Todd, Art, and I talked about this a few weekends later at Whittier: Todd with Don’s old trucks and wheels under his deck; Art with Don’s old deck and wheels; me with Don’s old knee pads and shoes. It was a sad moment. It was the real beginning of the end.

 *

The skate park in Upland is gnarly. It has a huge half-pipe going into a full pipe and ending in a bowl. You can drop in from the top or roll in from a four-foot-high ledge. I’d been having a good day rolling in from the ledge and riding the half pipe into the full into the bowl and back. Then, this old guy came along and started tearing shit up. He made dropping in from the top look so easy. I couldn’t resist.

Just before dropping in, I said to Art, “I don’t know why I’m trying this. It doesn’t matter if I can do it. It does matter if I break my arm.”

Art smiled.

I dropped in. It worked. I carved up and down the half pipe and thought, damn, this is fucking awesome. I made it into the full pipe with way too much speed.
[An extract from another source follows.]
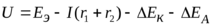 В работающем ГЭ при прохождении тока I напряжение U меньше ЭДС из-за явления поляризации катода (EК) и анода (ЕА) и омического падения напряжения на сопротивлении r1 в проводниках с электронной проводимостью (проводниках первого рода) и на сопротивлении r2 в электролите (проводнике второго рода)
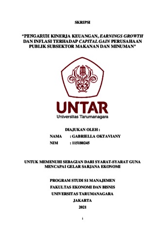OKTAVIANY, GABRIELLA (2022) PENGARUH KINERJA KEUANGAN, EARNINGS GROWTH DAN INFLASI TERHADAP CAPITAL GAIN PERUSAHAAN PUBLIK SUBSEKTOR MAKANAN DAN MINUMAN. Skripsi thesis, Universitas Tarumanagara.

My trucks started wobbling. I tried an ill-advised power slide while about twelve feet up a wall, ended up taking the short cut to the ground and snapping a wrist bone in half.

Before my cast was off, Art blew out his knee at Whittier. Before Art could walk again, Todd broke his leg in two or three places at the park in Glendale. Team Donofthedead was done for.
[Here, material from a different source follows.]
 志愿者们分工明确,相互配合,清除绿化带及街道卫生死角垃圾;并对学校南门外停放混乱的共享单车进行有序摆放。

Now, when I think about the early days of Razorcake, I think a lot about Team Donofthedead. I think about it mostly when I ride home from work and pass the new onramp, where a retention ditch has a road that runs alongside a bank paved into a hill. It looks like another Paul Revere carved alongside the freeway. I sometimes spend the last five miles of my commute imagining Team Donofthedead climbing the fence and riding that ditch in a world where cops won’t kick us out and our bones and tendons are young enough to take the impact.

These days, I mostly go surfing alone. Maybe it’s not quite as fun, but wipeouts are way more forgiving.